Sapia appears as a character in Canto 13 of Purgatorio, the second canticle of Dante's Divine Comedy. Aside from Pia de' Tolomei, Sapia is the only woman among the pilgrims in Purgatorio to be given a speaking role. She is located on the terrace of envy, where envious souls are punished by being dressed in rough sacks the color of rocks and having their eyes sewn shut with iron wire.

While Dante and Virgil walk through this terrace, Dante stops to ask about the condition of the souls there. Sapia responds by telling of her life, most notably her sinful expression of gratitude when her kinsfolk fell to the Florentines. During her speech, Sapia never mentions her nephew Provenzano by name, possibly hinting at her belief that Provenzano held a position better suited for her husband.

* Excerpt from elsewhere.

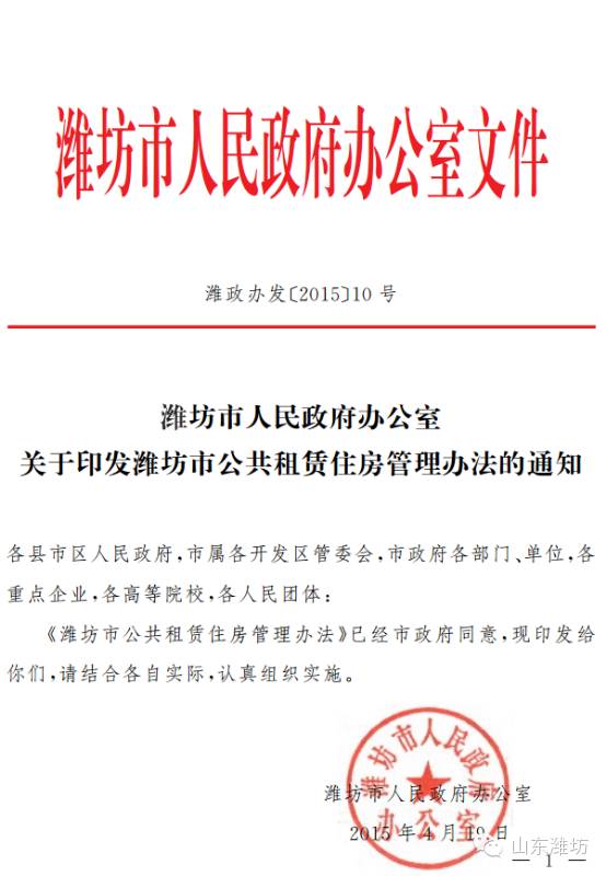 在公租房运行上,市政府出台了《潍坊市公共租赁住房管理办法》,实现廉租住房和公共租赁住房并轨运行,进一步降低准入门槛,扩大住房保障覆盖面,将市区低收入标准线从人均24128元提高到26327元,住房困难标准从人均15平方米提高到17.35平方米。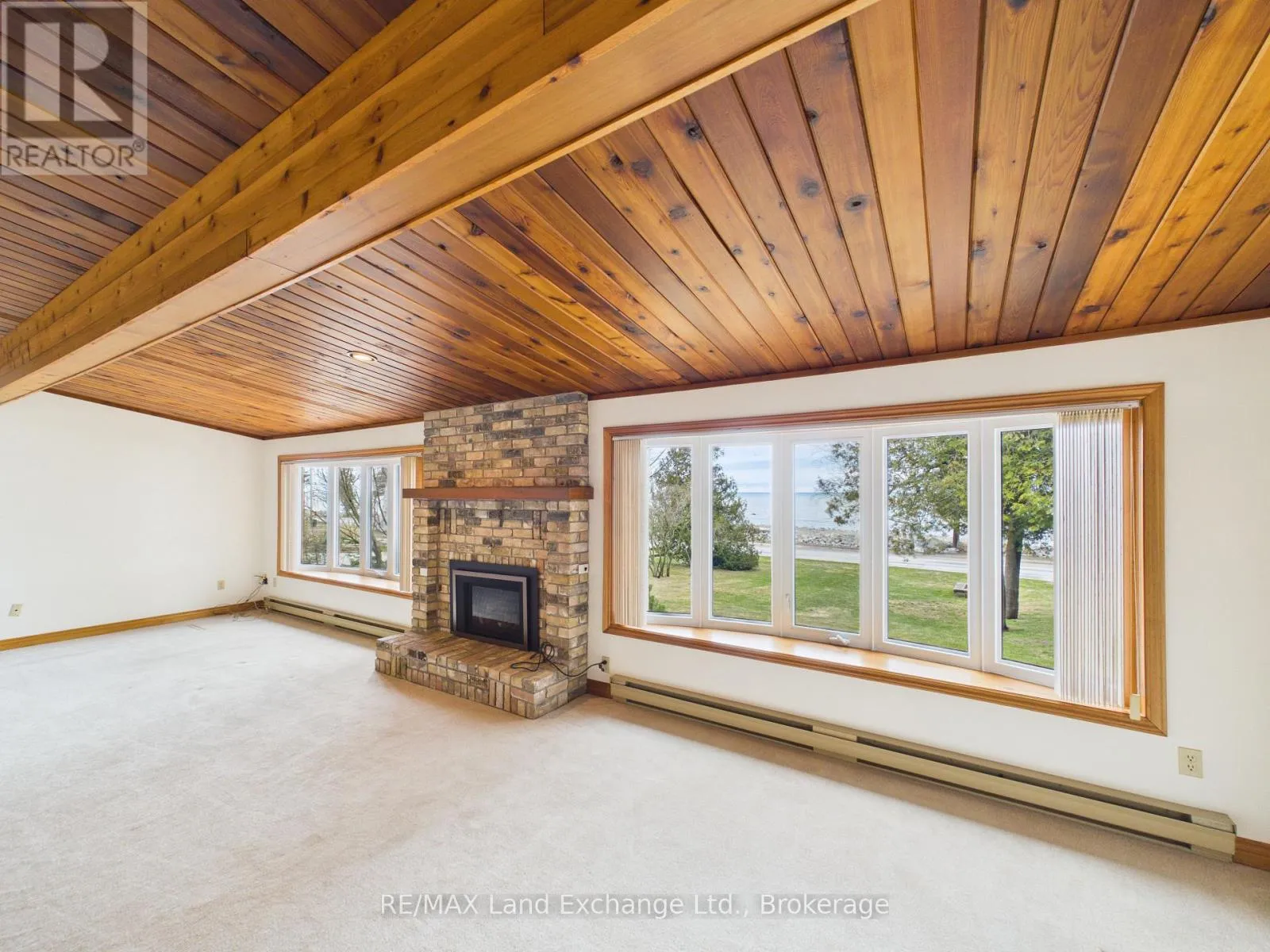 Cross Streets: Boiler Beach, Bruce Avenue. ** Directions: From Bruce Avenue, Take Goderich Street to Sign on your Left(East). Welcome to your dream lakefront retreat! Add your touch to this charming 1.5 storey home offers the perfect blend of comfort, functionality, and breathtaking natural beauty, with uninterrupted views of stunning Lake Huron right from your doorstep. Featuring 3 spacious bedrooms and 2.5 bathrooms, this well-designed home provides ample space for family living or weekend getaways. The bright and inviting main floor showcases large windows that capture incredible lake views and fill the home with natural light. The upper level offers additional privacy with generously sized bedrooms, while the primary suite offers lots of space and a functional ensuite. A total of 2.5 bathrooms ensures convenience for both residents and guests. Enjoy the ease and reliability of full municipal water and sewer services-an added bonus for lakefront living. Step outside to take in the panoramic views, listen to the waves, and experience everything waterfront living has to offer. Whether you're looking for a year-round home or a seasonal escape, this property delivers the ideal combination of location, lifestyle, and comfort-all set against the backdrop of Lake Huron's world-class sunsets. (id:27476)

my heart filled with such boundless joy
that recklessly I turned my face to God,
crying: "Now I do not fear you any more,"
as the blackbird said after a glint of sunshine.
— Dante Alighieri

After telling her story, Sapia expresses her remorse at her elation seeing her townsfolk defeated by quoting an Italian folktale of a foolish blackbird that celebrates spring prematurely.

Finally, Sapia notes that though she has not been dead long, the prayers of "Pier the Comb-Seller" (typically identified with Pietro Pettinaio) have helped move through Ante-Purgatory and the terrace of pride rather quickly. She is able to discern that Dante is not yet among the dead souls, and so asks him to pray for her soul's quick advancement through Purgatory and for Dante to return to Tuscany and restore her honor among her still prideful kinsfolk.